**Brief**. When you copy the data that follows, reproduce every word exactly and leave out the images.

**Available data**.
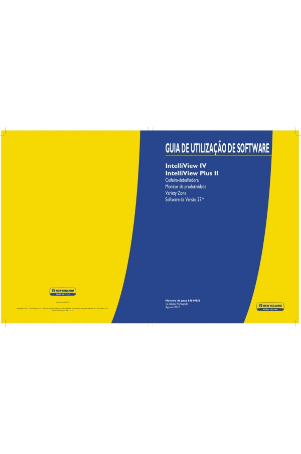 New Holland Intelliview Harvesting Equipment Operator`s Manual. New Holland IntelliView IV, IntelliView Plus II, Combine, Yield Monitor, Variety Zone, Software Version 27.* Operator`s Manual contains operating, maintenance, safety, and service information, PDF.
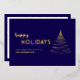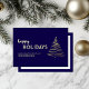 Cree una impresión duradera en sus clientes y consumidores con esta tarjeta de papel de oro moderna sin foto que presenta tipografía dorada y dibujo abstracto de árbol de Navidad en azul marino. Contemporánea, simple y lujosa, esta tarjeta de vacaciones corporativa hará que su negocio se destaque con un enfoque minimalista y elegante hacia la temporada de vacaciones y el Año Nuevo. Por favor, contácteme si tiene alguna solicitud especial para un diseño personalizado.
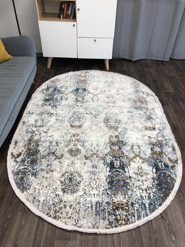 Коротко: «Ковер DOKU 9354H BLUE / CREAM Овал» (DOKU, MILAT, Турция) — ковер для дома, гостиной. материал: бамбуковый шелк 60% + Акрил 40%, стиль: в современном стиле, цвет: белый, бежевый, синий, ворс: 8 мм, плотность: 1000000 точек/м², основа: хлопок, ориентирован на классическую подачу, страна производства: Турция.
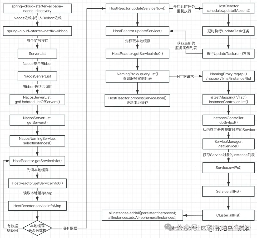 在nacos-client的NacosNamingService的selectInstances()方法中:首先会调用HostReactor的getServiceInfo()方法获取服务实例列表,然后调用HostReactor的getServiceInfo0()方法尝试从本地缓存获取,接着调用HostReactor的updateServiceNow()方法查询并更新缓存,也就是调用HostReactor的updateService()方法查询并更新缓存。即先调用NamingProxy的queryList()方法来查询服务端的服务实例列表,再调用HostReactor的processServiceJson()方法更新本地缓存。最后调用HostReactor的scheduleUpdateIfAbsent()方法提交同步缓存任务。

**Reply**.
 New Holland Intelliview Harvesting Equipment Operator`s Manual. New Holland IntelliView IV, IntelliView Plus II, Combine, Yield Monitor, Variety Zone, Software Version 27.* Operator`s Manual contains operating, maintenance, safety, and service information, PDF.
 Cree una impresión duradera en sus clientes y consumidores con esta tarjeta de papel de oro moderna sin foto que presenta tipografía dorada y dibujo abstracto de árbol de Navidad en azul marino. Contemporánea, simple y lujosa, esta tarjeta de vacaciones corporativa hará que su negocio se destaque con un enfoque minimalista y elegante hacia la temporada de vacaciones y el Año Nuevo. Por favor, contácteme si tiene alguna solicitud especial para un diseño personalizado.
 Коротко: «Ковер DOKU 9354H BLUE / CREAM Овал» (DOKU, MILAT, Турция) — ковер для дома, гостиной. материал: бамбуковый шелк 60% + Акрил 40%, стиль: в современном стиле, цвет: белый, бежевый, синий, ворс: 8 мм, плотность: 1000000 точек/м², основа: хлопок, ориентирован на классическую подачу, страна производства: Турция.
 在nacos-client的NacosNamingService的selectInstances()方法中:首先会调用HostReactor的getServiceInfo()方法获取服务实例列表,然后调用HostReactor的getServiceInfo0()方法尝试从本地缓存获取,接着调用HostReactor的updateServiceNow()方法查询并更新缓存,也就是调用HostReactor的updateService()方法查询并更新缓存。即先调用NamingProxy的queryList()方法来查询服务端的服务实例列表,再调用HostReactor的processServiceJson()方法更新本地缓存。最后调用HostReactor的scheduleUpdateIfAbsent()方法提交同步缓存任务。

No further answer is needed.